Strom Thurmond was screaming and the crowd was going
wild. "There's not enough
troops in the Army," he said, "to force the Southern people to break down
segregation
and admit the Negro race into our theaters, into our swimming pools, into
our schools
and into our homes."
*Sidebar:
By now, you know this quote is inaccurate.
The racist bastard used the term "...the
nigger race..."
That was in 1948. Mr. Thurmond, the governor of South
Carolina at the time, was accepting the
presidential nomination of the States' Rights Democratic Party, commonly
known as the Dixiecrats.
The only reason the party existed was to advance the cause of white supremacy.
Mr. Thurmond and
his rabid followers felt that the national Democratic Party wasn't racist
enough.
Fast-forward to 2002. Mr. Thurmond, who was born in 1902, is still with
us and, in some execrable
corners of the Republican Party, so are his racist midcentury attitudes.
He's a hero to Trent Lott, the
Senate Republican leader, who's now stuck in a morass of controversy for
his recent ringing
endorsement of Mr. Thurmond's 1948 campaign.

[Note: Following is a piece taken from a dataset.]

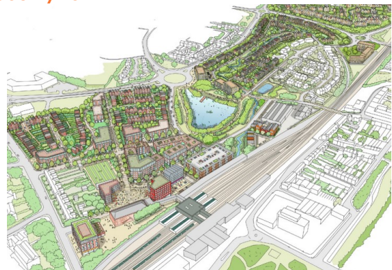
The Stafford Station Gateway—a community incorporating the latest in design and modern living, with working space onsite

All supported by high quality public realm and open spaces, including an upgraded water corridor running through the study area and a unique lakeside setting.

But Mr. Lott is not the only culprit here. The Republican Party has become
a haven for white racist
attitudes and anti-black policies. The party of Lincoln is now a safe house
for bigotry. It's the party of
the Southern strategies and the Willie Horton campaigns and Bob Jones University
and the relentless
and unconscionable efforts to disenfranchise black voters. For those who
now think the Democratic
Party is not racist enough, the answer is the G.O.P. And there are precious
few voices anywhere in
the G.O.P. willing to step up and say that this is wrong.
Mr. Lott got into trouble last week when, at a party for Mr. Thurmond's
100th birthday, he told the
guests with great emphasis: "I want to say this about my state. When Strom
Thurmond ran for
president, we voted for him. We're proud of it. And if the rest of the
country had followed our lead, we
wouldn't have had all these problems over all these years, either."
That's the Senate leader of the Republican Party speaking. And despite
an apology squeezed out of
him by the controversy, that's what Trent Lott believes. He made a similar
comment in 1980 after Mr.
Thurmond had delivered one of his frenzied speeches at a campaign rally
for Ronald Reagan. Referring
to Mr. Thurmond, Mr. Lott said: "You know, if we had elected this man 30
years ago, we wouldn't be
in the mess we're in today."
Much of the current success of the Republican Party was built on the deliberate
exploitation of very
similar sentiments. One of the things I remember about Mr. Reagan's 1980
presidential run was that
his first major appearance in the general election campaign was in Philadelphia,
Miss., which just
happened to be the place where three civil rights workers — Andrew Goodman,
Michael Schwerner
and James Chaney — were murdered in 1964.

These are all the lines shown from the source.